Abstract

Arrhythmogenic right ventricular cardiomyopathy is a life-threatening morbid entity, which drew the attention of the scientific community being a significant cause of premature death. In the modern era, it has been first reported in the late 1960s and 1970s as a cause of right ventricular hemodynamic impairment and electrocardiographic abnormalities (epsilon wave).

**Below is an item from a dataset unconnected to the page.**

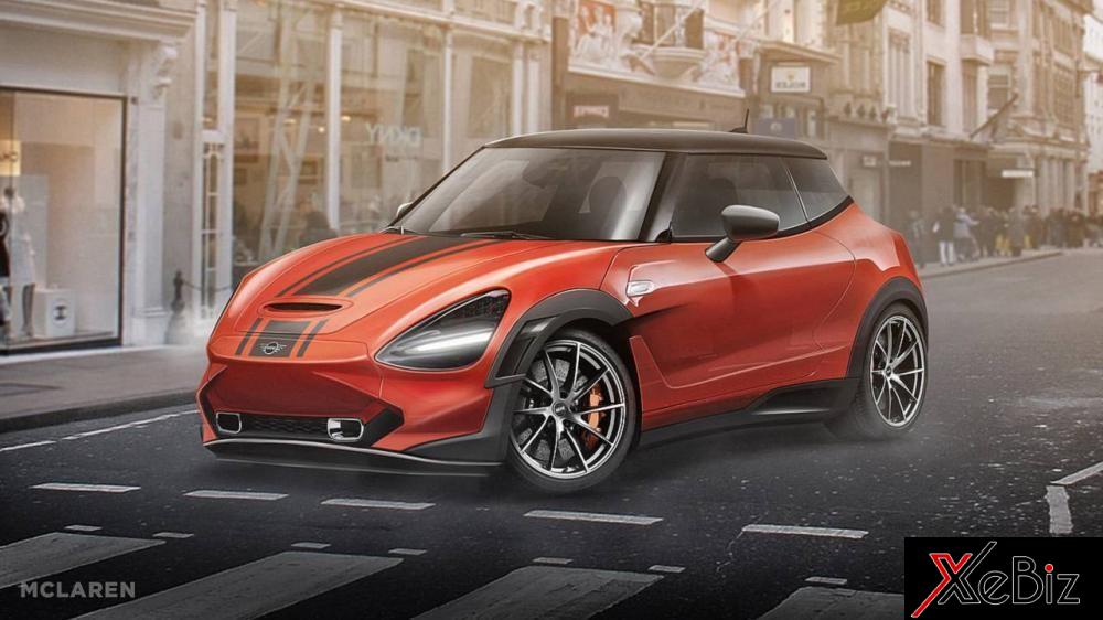 McLaren, một nhà sản xuất xe Anh Quốc khác, chuyên làm siêu xe với thiết kế dốc dẫn gió quanh thân vỏ khí động học. Điều đó không thực sự hợp với kiểu thẩm mỹ vuông vức của Mini, nhưng mẫu Mini McLaren ở đây vẫn giữ được phần mũi và đèn pha độc nhất của McLaren trong khi giữ lại khoang lái của Mini. Kể cả phần cánh cửa của xe cũng giống kiểu McLaren.
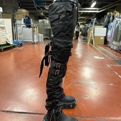 サイドにベルトが付いており、シルバー金具で高級感もあり、裾にはZIPがついており開くことで少し形が変わってフレアにもできます。

Soon after, autopsy studies demonstrated that young people, especially athletes, may die suddenly and instantaneously because abrupt lethal cardiac arrhythmias, namely ventricular fibrillation, precipitated by exercise. A heredofamilial background was then demonstrated, opening the door to the genetic discoveries of mutations of genes encoding mostly for desmosomal proteins, so that it is now also termed “desmosomal disease.” Major advances have been achieved in terms of diagnostic criteria and imaging tools to detect the pathognomonic features of the disease, that is, the fibrofatty replacement of the ventricular myocardium due to progressive cell death leading often to wall thinning and aneurysms. Genotype–phenotype correlations clearly showed that the disease should not be considered anymore a cardiomyopathy of the right ventricle, but a biventricular disease (arrhythmogenic cardiomyopathy). The present chapter will deal with some aspects of the disease: history, terminology, biological background, pathology, and morphological criteria for diagnosis, endomyocardial biopsy, and recapitulation of the disease in transgenic mice.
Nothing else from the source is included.